Last month, we reported on a Microsoft Research project called Codenamed Project Brainwave. Showcased at Hot Chips 2017, the platform is a deep learning acceleration solution that the company describes as “a major leap forward”. Designed for cloud-based deep learning models, Brainwave uses AI to deliver extended performance and flexibility.
Microsoft says Project Brainwave will be fully showcased at Hot Chips 2017. We have previously discussed this project and its ability to deliver real-time AI. By leveraging artificial intelligence in this way, systems can process requests as they are received.
The company says Brainwave was built on the following three layers:
- A high-performance, distributed system architecture;
- A hardware DNN engine synthesized onto FPGAs; and
- A compiler and runtime for low-friction deployment of trained models.
Microsoft worked with the FPGA infrastructure, something the company has developed in recent years. Redmond has vocally advertised the potential of FPGAs for machine learning and parallel computing. Chips are easily programmable and efficient, making them ideal for deep learning AI.
With Project Brainwave, researchers wanted to extend the compatibility. The team synthesized DPU or DNN processing units into its FPGA chips:
“Although some of these chips have high peak performance, they must choose their operators and data types at design time, which limits their flexibility. Project Brainwave takes a different approach, providing a design that scales across a range of data types, with the desired data type being a synthesis-time decision.”
Project Brainwave also uses a software stack that was designed to support numerous deep learning frameworks. For example, it already supports Microsoft’s own Cognitive Toolkit and Google’s Tensorflow frameworks. The company says more support for other frameworks will be added.
Hot Chips Demo
At Hot Chips last month, Microsoft’s Eric Chung and Jeremey Flows showed how Brainwave works when ported to Intel’s new 14 nm Stratix 10 FPGA.
The new system achieved “record-setting” performance on early Stratix 10 silicon, with no batching. In the demo, Microsoft used its own 8-bit floating point format. This allows for no accuracy losses across models.

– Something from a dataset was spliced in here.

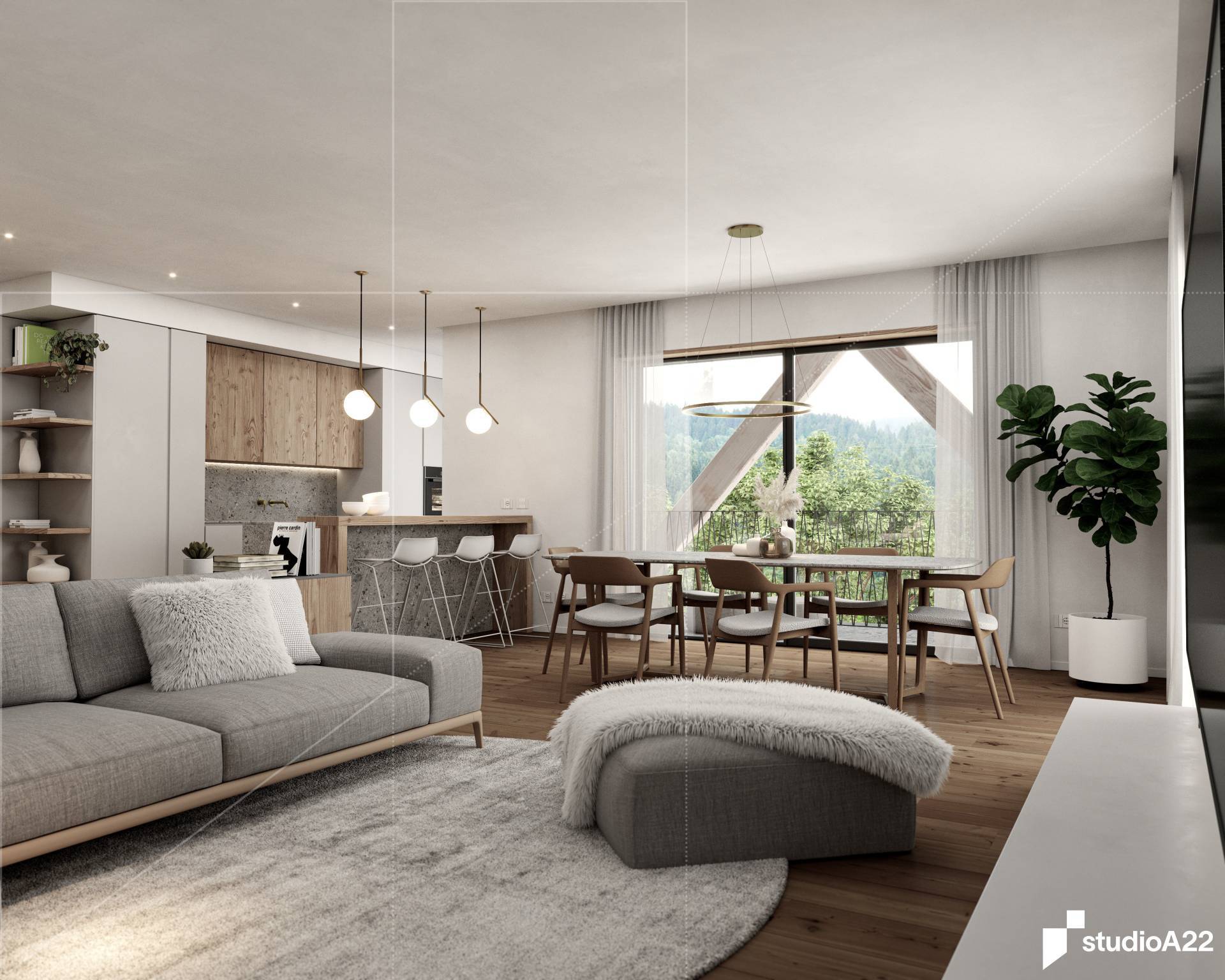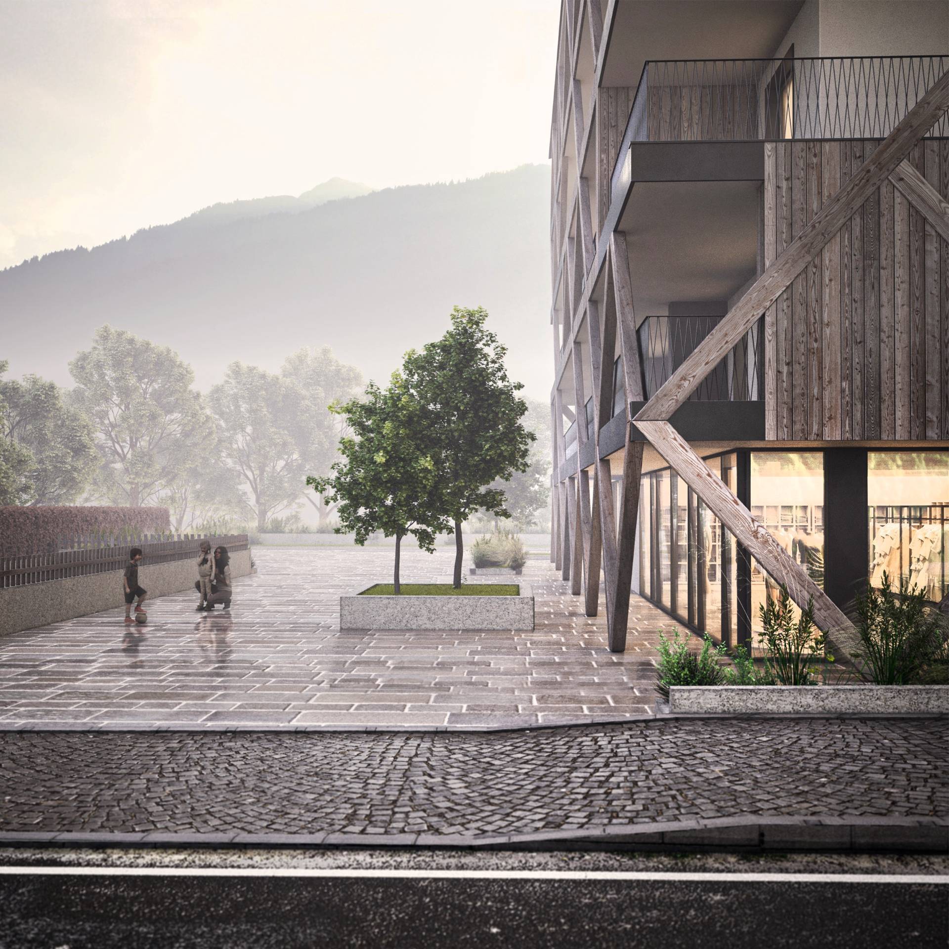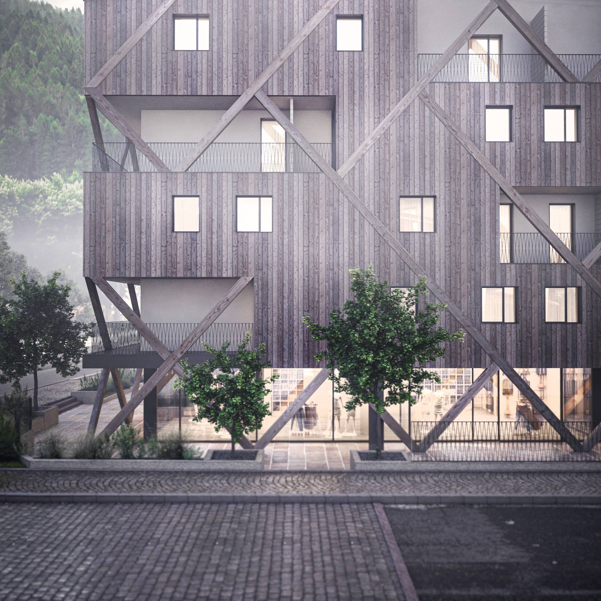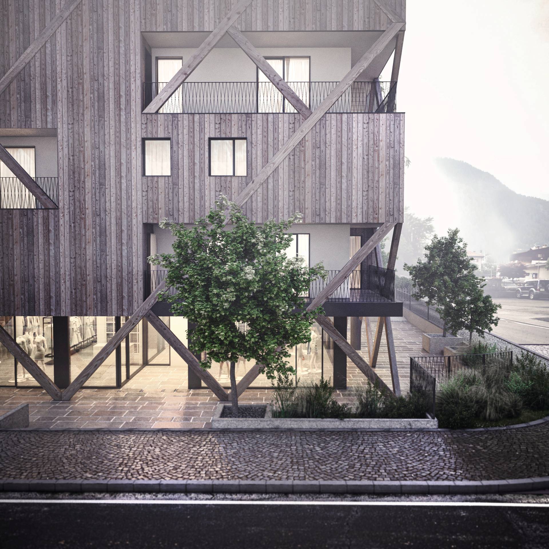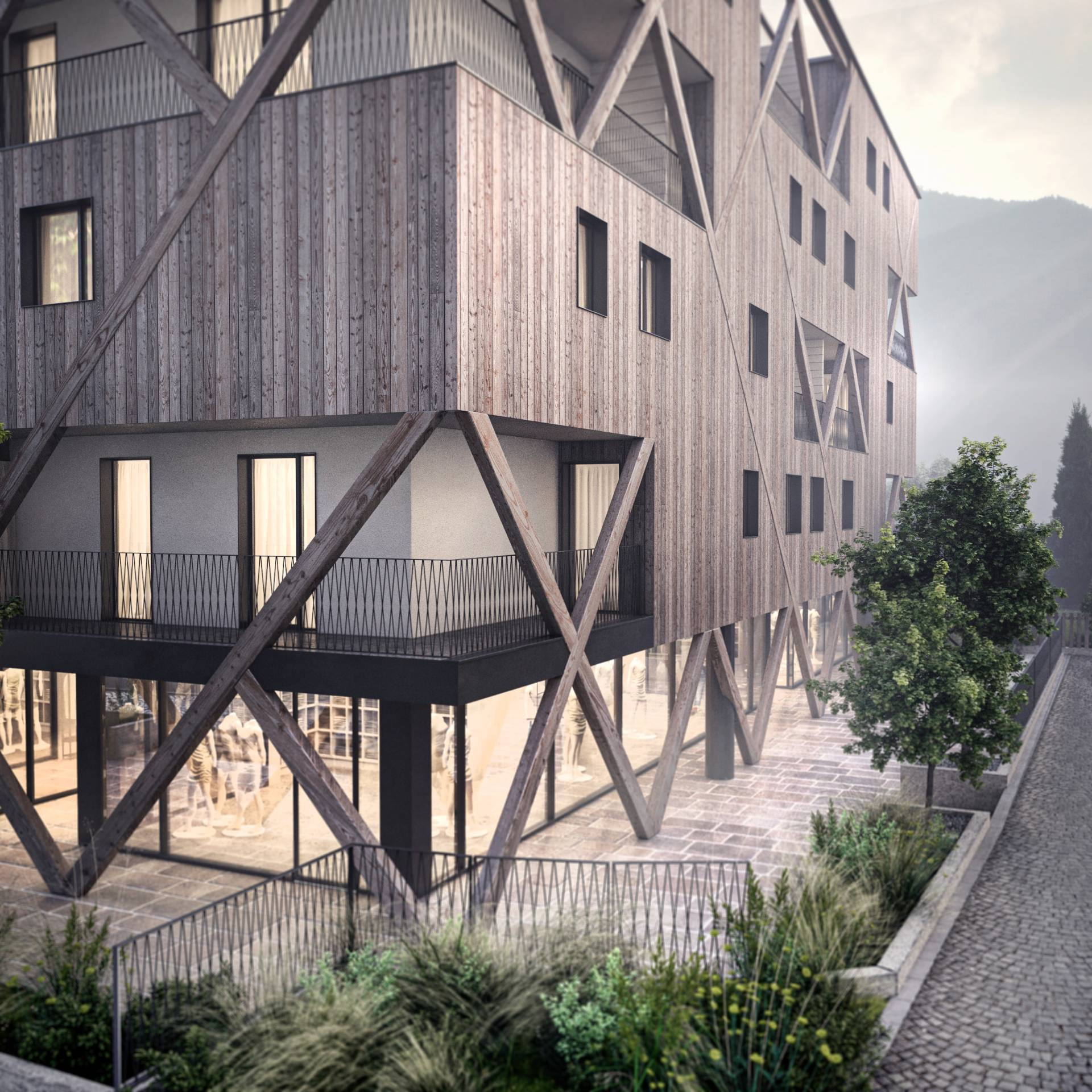 Il carattere saliente dell’edificio sarà definito dall’evidente richiamo all’architettura alpina, aspetto che è stato ricercato con un approfondito studio del contesto ed una analisi delle radici dei caratteri compositivi facenti parte della tradizione locale.

Microsoft said its benchmarking showed the platform can sustain 39.5 Teraflops without the need for batching on a large gated recurrent. In its early tests, Microsoft was using the system on Intel Stratix 10 FPGAs.
With this capability, Brainwave architecture sustained execution of over 130,000 compute operations per cycle. Microsoft describes the real-time AI performance as “unprecedented”, even on models that are deemed “extremely challenging”.
Work is already underway to bring Brainwave’s real-time AI capabilities to the Azure cloud platform. This would allow customers to use the project directly in services, such as Bing. Details on when the platform is available will be made official in the coming months.